Another memorable episode, documented in the Librarian’s Report of 1950, was “Operation Harmac,” the cataloguing of the personal library of lumber baron and UBC Library benefactor H.R. MacMillan (HAR-vey MAC-Millan). There were some 2000 books, many of which Mr. MacMillan had promised to the library. The project required Jefferd and three other cataloguers – practically the entire Catalogue Division, complete with typewriters, catalogue-card stock, and the library’s 170-volume set of the Library of Congress catalogue – to work at the MacMillan residence for more than three weeks.

Jefferd accepted a copy of Cab Calloway’s Hepsters Dictionary on behalf of the library, admitting that while she was not familiar with “jive talk” she looked forward to learning new expressions like “kicking the gong around” and “square.”

After her retirement as head of the Catalogue Division in 1954, Jefferd went on a three-month trip to Italy, France, and England. Her expertise was so valued by the library, however, that upon her return she was quickly re-hired as senior cataloguer for another three years. After her final retirement, the University Senate paid her this tribute:

... Miss Jefferd joined the Library staff in January, 1915, before the Library had any books and, indeed, before the opening of the University.

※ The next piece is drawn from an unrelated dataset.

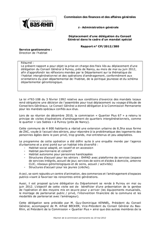 Le présent rapport a pour objet la prise en charge des frais liés au déplacement d'une délégation du Conseil Général à Pulnoy, près de Nancy, au mois de mai ou juin 2012, afin d'approfondir les réflexions menées par le Département sur la thématique de l'habitat intergénérationnel et des opérations d'aménagement, conformément aux orientations du plan départemental de l'habitat, de la politique jeunesse et du schéma départemental gérontologique.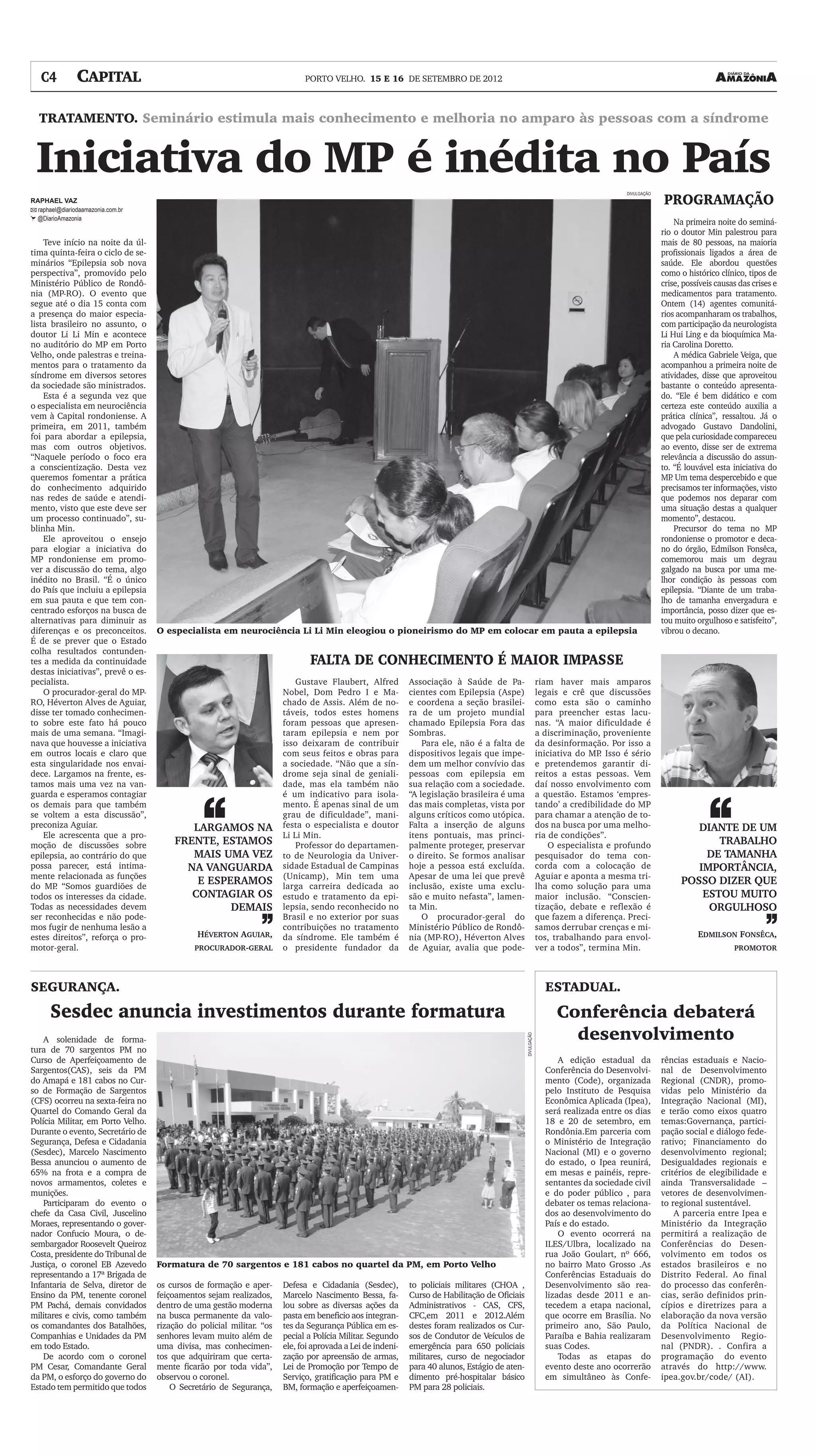 O documento descreve um seminário sobre epilepsia promovido pelo Ministério Público de Rondônia com a presença do maior especialista brasileiro no assunto. O objetivo é fomentar a prática do conhecimento adquirido sobre a síndrome nas redes de saúde e combater preconceitos. O especialista elogia a iniciativa inédita no país de discutir o tema.

Dorothy Jefferd's record of accomplishment has spanned the whole history of the University Library. She has seen it develop, and in no small measure helped it develop, from a “box of books” into a great academic institution. Her skill and devotion have made an important contribution to the growth of the University.

In 1961 Jefferd and her brother established the Dorothy M. Jefferd Scholarship, offered to students entering the School of Librarianship. An award of $200 was given annually to a student with outstanding qualifications for success in the field of librarianship. Another monetary tribute was later offered by H.R. MacMillan, in appreciation of her contributions: $500 towards a collection of biographies relating to World War I, a topic chosen by her.

Even during the numerous illnesses of her later years, Dorothy Jefferd continued her interest and involvement in cultural pursuits. Anne Smith recalled, “I have never heard her complain. The other day when she was looking at the current programme of the [Vancouver] Playhouse, she asked me to bring her Turgenev's A Month in the Country to re-read. But there was no grumbling because she couldn't see the performance.” She died in 1971.

Dorothy Jefferd and Lionel Haweis differed in many ways from each other. However, they shared a dedication to the library and through their work made important contributions to the development of the university. In addition, their friendships with staff and students, and their support for the artistic ambitions of their community, helped make UBC the cultural centre that it is today.